Memperhatikan ketentuan tersebut, atas impor kembali barang ekspor yang ditolak pembeli di luar negeri, eksportir tidak perlu melakukan registrasi kepabeanan (memiliki NIK).
Eksportir hanya perlu menga-jukan izin impor tanpa API kepada Direktur Impor, Ditjen Perdagangan Luar Negeri, Depdag.

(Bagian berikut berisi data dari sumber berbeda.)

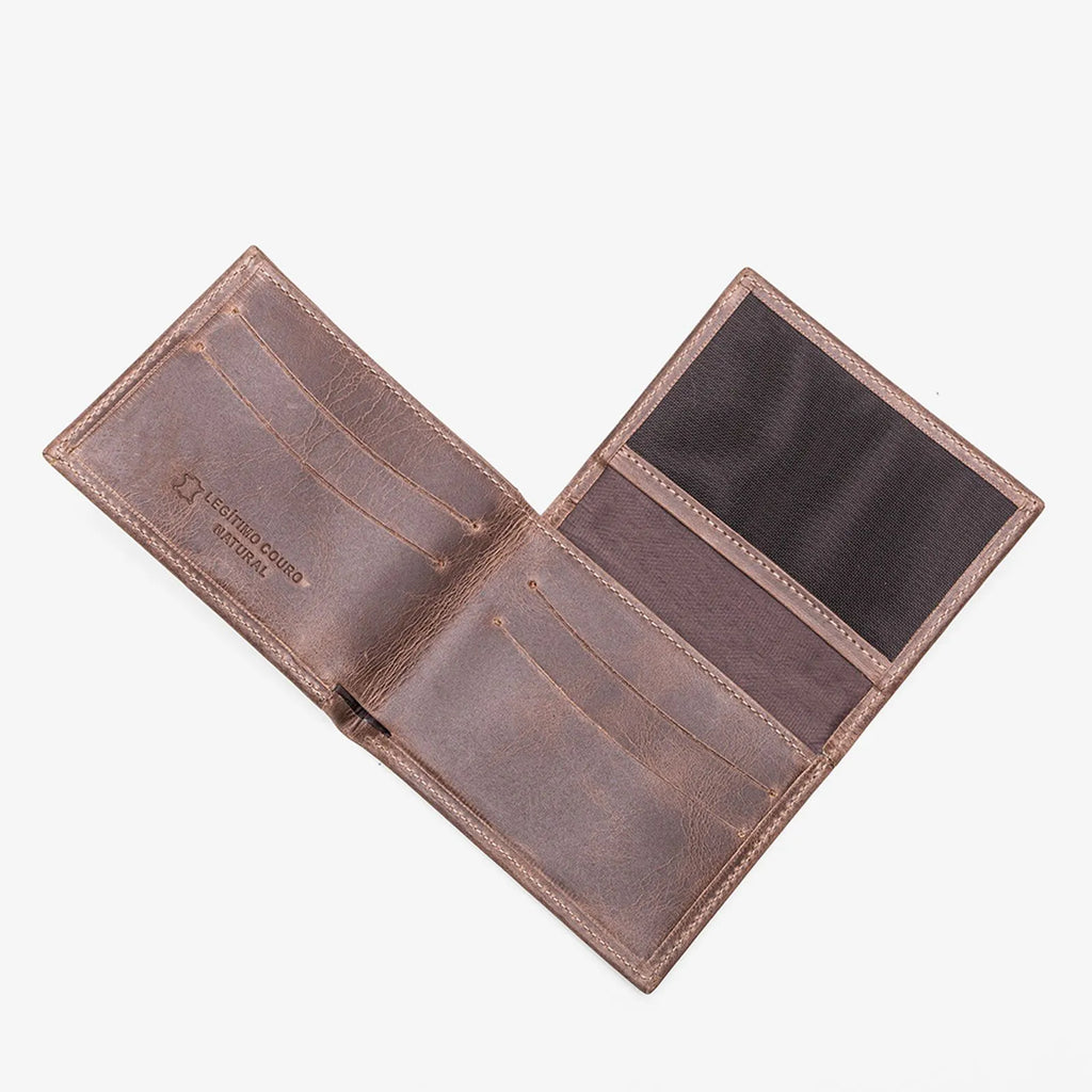 Carteira confeccionada em couro, na cor caramelo. Parte interna com 4 divisórias para cartões, 1 divisória para moedas,1 compartimento interno extra, e 1 abertura total para cédulas.Dimensões: 10,5cm x 8cm

Setelah mendapatkan surat izin impor tanpa API tersebut, eksportir dapat melakukan impor kembali tanpa memiliki NIK setelah mendapat izin dari Kepala Kantor Pabean tempat pemasukan.
Para pelaku usaha (eksportir) tidak menginginkan adanya penolakan terhadap barang atau komoditi yang diekspor, oleh karena itu diperlukan kemudahan dan kebijakan khusus terhadap impor barang tolakan.

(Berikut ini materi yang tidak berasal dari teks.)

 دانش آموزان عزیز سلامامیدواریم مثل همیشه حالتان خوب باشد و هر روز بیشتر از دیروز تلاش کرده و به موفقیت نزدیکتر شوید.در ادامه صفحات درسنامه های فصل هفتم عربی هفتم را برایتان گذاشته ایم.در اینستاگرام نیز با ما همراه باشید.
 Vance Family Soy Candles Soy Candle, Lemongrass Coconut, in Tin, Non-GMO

Di tempat terpisah, Isdarmawan Asrikan, Ketua Gabungan Perusahaan Ekspor Indonesia (GPEI) Jawa Timur menyampaikan bahwa “pada dasarnya eksportir tidak menghendaki adanya penolakan terhadap barang ekspornya sehingga harus diimpor kembali, yang sering terjadi karena adanya penurunan harga atau perbedaan kualitas serta kesengajaan pembeli yang nakal.”
Permasalahan tersebut diharapkan mendapat tanggapan lebih serius dari Pemerintah, sebab dalam proses penolakan tersebut eksportir dihadapkan pada posisi sulit, kalau tidak menjual barang atau komoditi yang dijual lebih rendah dari harga pokok (rugi, red) terpaksa harus menarik kembali barang tersebut dan hal ini dianggap sebagai barang impor.
Sementara itu, saat mengimpor barang tolakan tersebut terkadang mengalami hambatan dilapangan diantaranya masalah regulasi / ijin yang pengurusannya memerlukan waktu dan biaya, hal tersebut akan semakin menurunkan nilai barang yang diimpor.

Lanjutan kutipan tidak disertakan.